Artha often wondered how she had managed to catch the clap only once, even with all the washing. She had played around with a very rough group in Milwaukee, spades mainly, numbers people, pimps, second-story men, some dealers in reds. She had never taken to drugs. She simply did not like them. "They just don't agree with me," she said. She had taken up with a black pimp after her baby was born. There was a black girl in the maternity ward with her and the pimp had come to see her a couple of times, but he had spent most of his time talking to Artha. She had never balled a black man before, although at that time she never called them blacks. In the part of Milwaukee where she was brought up, blacks were "niggers," and it surprised her when she got out of the hospital and began going with the pimp that the blacks called each other nigger, although they did not much like it if a white person did. She went with the pimp for several months and he bought her clothes and paid for her apartment and one day when he asked her to do a white friend a favor and work a house in Antigo, Wisconsin, she said, "Why not?" Antigo is in the potato and lumber country and the house was a two-girl affair and she was expected to service anyone who came through the door. The other girl did not seem to be around and the madam said the other girl was having her period, but a couple of days later Artha learned that a lumberjack had laid open the girl's skull with an ax handle. It was an accident; he was drunk; the girl would live. Artha was not reassured. She had arrived in Antigo on the bus on a Tuesday and was back in Milwaukee Friday afternoon, missing the big weekend rush in the lumber country. But in the slow middle of the week in Antigo, Tuesday night, Wednesday night and Thursday night, she had serviced 31 potato farmers and lumberjacks, and that seemed more than adequate payment for the clothes and the apartment the pimp had given her.

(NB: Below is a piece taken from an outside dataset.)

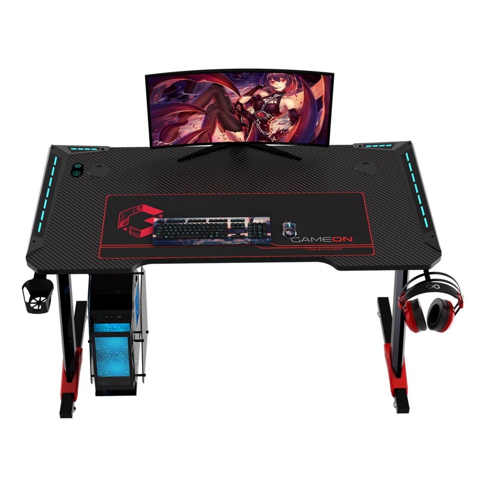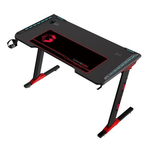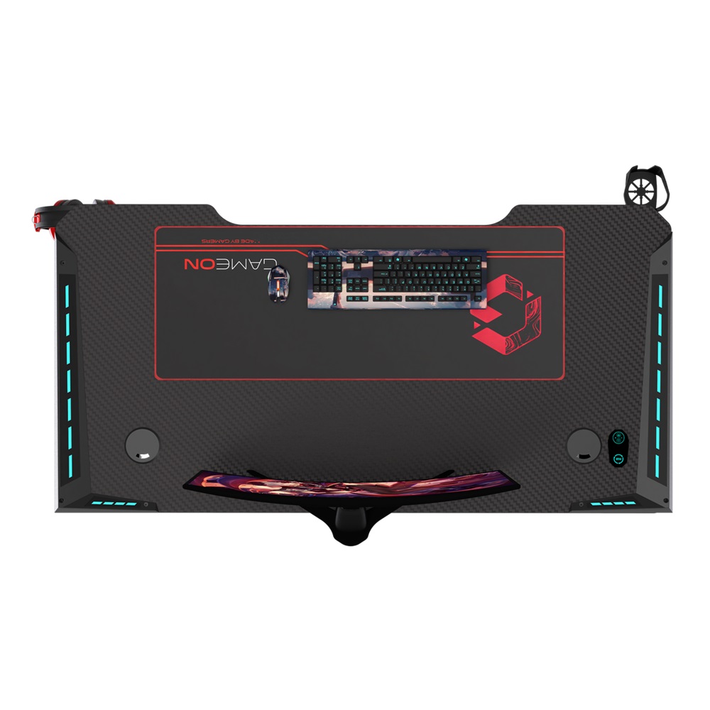 GAMEON Raptor-Il gaming desk is covered ith tough and durable carbon fiber texture surface, spaciuos enough to hold all those accessories you need while gaming.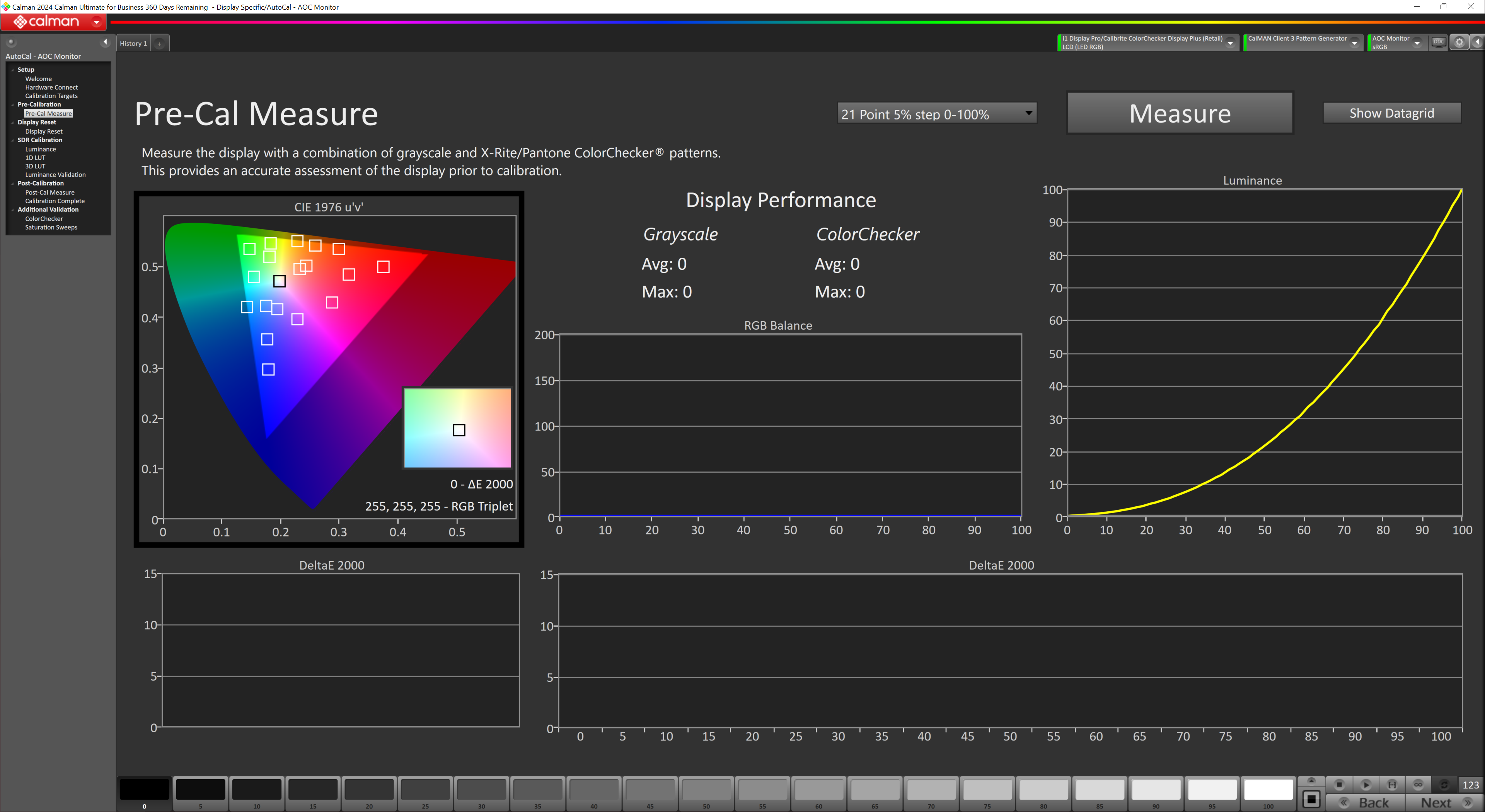 A pre-calibration measurement window will appear, and hitting the ‘measure' button gives you a look at current performance before any tweaks are made.

She took up with another pimp, who took her to Chicago and set her up in a cheap hotel on the 1000 block of North Clark Street, three dollars a night for the room, and every trick paid the three, so the hotel did not mind the heavy traffic. There was a coin-operated television set in the room, 25 cents for a half hour of TV time, and she balled the night clerk for a roll of quarters in order to watch The Man from U. N. C. L. E. and her other favorites between tricks. The night clerk's name was Opatashu and he had cancer of the rectum and he shit out of his side into a little bag attached to his waist. But he was straight--on, off, no tricks, no gimmicks, not like some of the guys she met on North Clark Street, especially the one with the hot plate. The John with the hot plate would carry it around with him and when he picked up a girl, he would fry up a couple of eggs in her room, dump the eggs on her pussy and then eat them with a plastic knife and fork. That was all, nothing more, except the yolk from the sunny side up crusting in her pubes. Opatashu died while she was on North Clark Street and she went to his funeral. It was something to do, she did not like to waste her quarters on the game shows on TV in the afternoon and the local cooking show reminded her of the John with the hot plate. The assistant manager and the housekeeper of the hotel were at the cemetery, and it struck Artha that it was a sad way to die, cancer of the asshole, poor Opatashu, no place even to crap out of in the end, attended at death only by a fag, a hooker and a spade maid.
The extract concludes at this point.